Calló, mirando con expectación a Lidia, buscando su aprobación en un dato tan aparentemente banal, pero tan determinante. Ella asintió con la cabeza, manteniendo su actitud fría y marcial.

- Fui al colegio en… Bueno, la verdad es que no lo recuerdo muy bien. Es falta de memoria, de verdad – se apresuró a aclarar -. No me estoy confundiendo con nadie más, no se me está mezclando nada, se lo juro, doctora.

- Le creo – dijo Lidia -. Continúe.

- En fin, sí sé que era público. No era mala estudiante. Creo recordar que no lo era.

Lidia tuvo un pequeño tic en la ceja.

- Disculpe, me he distraído. ¿Puede repetir?

- Sí, ¿qué no entendió?

- Usted fue a un colegio público, y entonces...

- Sí, dije que no fui mala estudiante. No tuve…

El silencio cayó seco por parte de los tres, como si tuviera su propio peso y de repente le hubieran afectado las leyes de la física. El hombre frente a Lidia apretó los labios, primero, y arrugó poco a poco el gesto después. Su mirada se deslizó hacia el suelo blanco de la sala, como un niño al que han descubierto haciendo una trastada. Pero su rostro también revelaba cierto esfuerzo, que Lidia identificó casi al momento. Una pugna delatora.

Víctor también lo percibió, reparó en los dedos aferrándose con fuerza a las rodillas, la piel del cuello tensa y la garganta tragando saliva.

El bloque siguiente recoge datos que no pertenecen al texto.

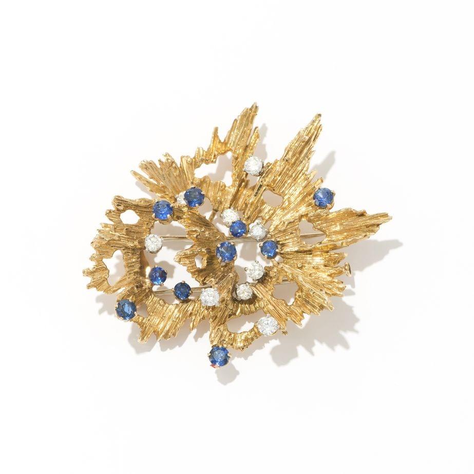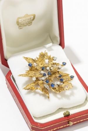 510. Cartier, broche stylisée sertie de saphirs et diamants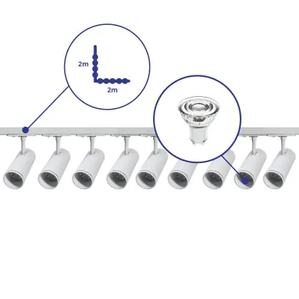 Komplettset 1-Phasen Rail L 2 x 2 Meter Weiß | incl. 9x Spot + GU10 2700K 3W Dimmbar + Abschlusskappe, Stromanschluss und L -Verbinder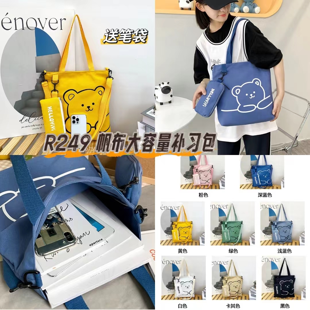 斜挎包学生帆布包,新款手提补习袋学生包单肩帆布袋大容量,送笔袋
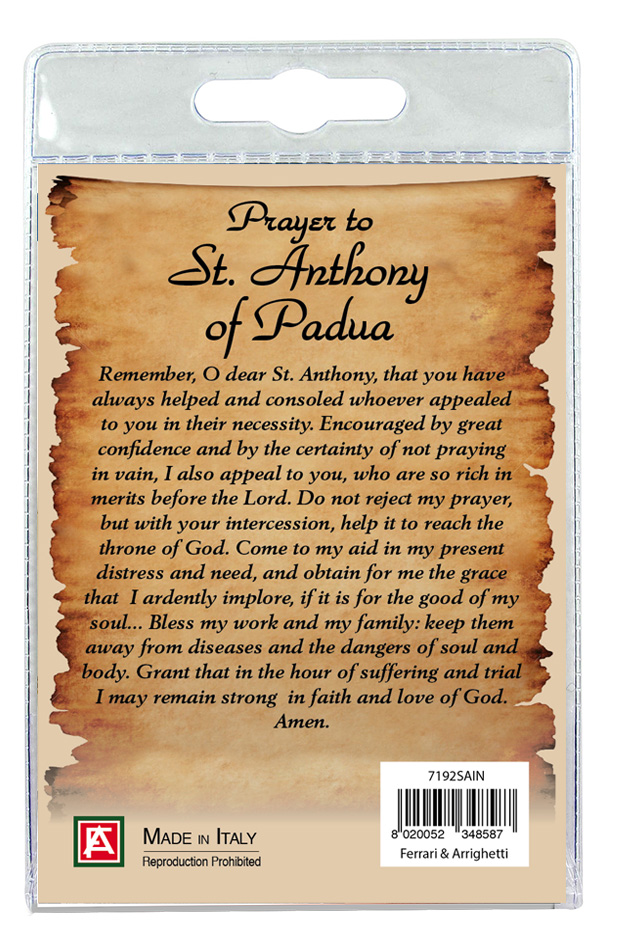 Il blister si presenta con all'interno un cartoncino, con la foto di Sant Antonio di Padova e sul retro è stampata una preghiera a lui dedicata.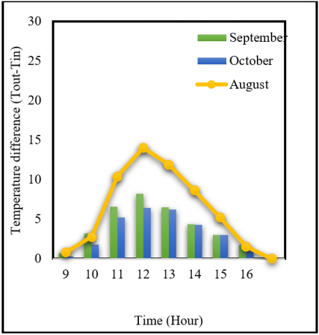The thermal performance of the system is shown in Figure 4 as the daily change in the temperature difference between the air outlet and inlet (Tout -Tin) between 9:00 AM and 16:00 PM in the months of August, September, and October. All months have low temperature differences, with August having about 1 ℃, then September (10 ℃) and October (10 ℃), which means that solar heating is still restricted at this early part of the day. A rise in the intensity of solar radiation towards midday increases (Tout-Tin) at a consistent rate, reaching its peak at a time around 12.00 PM in August, which has an ideal temperature difference of about 14 ℃, showing a high level of heat absorption and conversion in the air duct. Comparatively, the mean peak value is moderate at 8.2 ℃ in September and lowest in October at 6.5 ℃, which is explainable by the variation in ambient conditions and the angles of incidence of the sun. The difference in temperature decreases slowly in the afternoon after noon. At 14:00 PM, August continues to be more thermally efficient (about 12 ℃), but September and October fall down to about 6.5 ℃ and 6.2 ℃, respectively. At 16: 00, the disparities of temperatures of all months are unified to low values, 1.5 ℃ to 2 ℃, which is the cessation of the useful solar heating season. On the whole, this figure shows that the thermal performance of August is better, and the impact of climatic conditions and system design parameters on the efficiency of solar air heating systems is great.
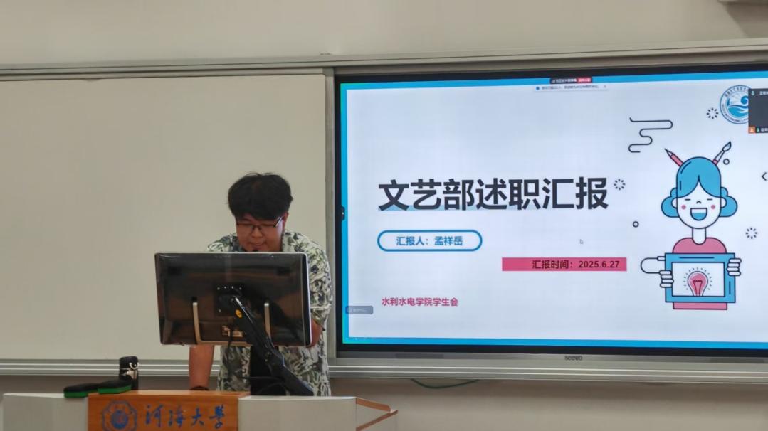文艺部孟祥岳同学详细介绍了本学年的工作成果,其中重点介绍了爱国歌曲合唱比赛等品牌活动。文艺部始终秉持丰富校园文化生活的宗旨,不仅为同学们提供了展示才艺、释放活力的舞台,更有效激发了广大同学的参与热情,显著提升了学院的艺术氛围与文化活力。

Dejó completamente de lado el sutil registro que había estado llevando a cabo y se giró lentamente hacia el entrevistado.

- Discúlpeme – dijo el hombre en voz baja, casi avergonzada.

- No se preocupe – respondió Lidia -. Podemos tomarnos todo el tiempo que necesite.

- Ha sido un…

- No piense en ello.

- Me duele un poco la cabeza, creo que…

- ¿Quiere agua? ¿Un analgésico?

- No… Está bien.

La inspectora detectó unas sinceras y profundas marcas de decepción en su voz. En parte, también era la de ella. Había sido breve, pero había sido. El margen entre el lapsus y la contaminación era, desgraciadamente, muy estrecho. Pero aquel hombre, si en su fuero interno seguía considerándose tal y él mismo, no entendía de estimaciones, márgenes de error, baremos o estándares. Saltaba a la vista que se sentía aplastado por las circunstancias, que había rozado la excelencia con las puntas de los dedos pero que la realidad le había cogido por los tobillos. Sólo alzó de nuevo la mirada, y la fijó en los ojos de Lidia.

Ella tuvo otro tic, pero se forzó a no apartarse y sostenerla. Quiso creer que fue por humanidad.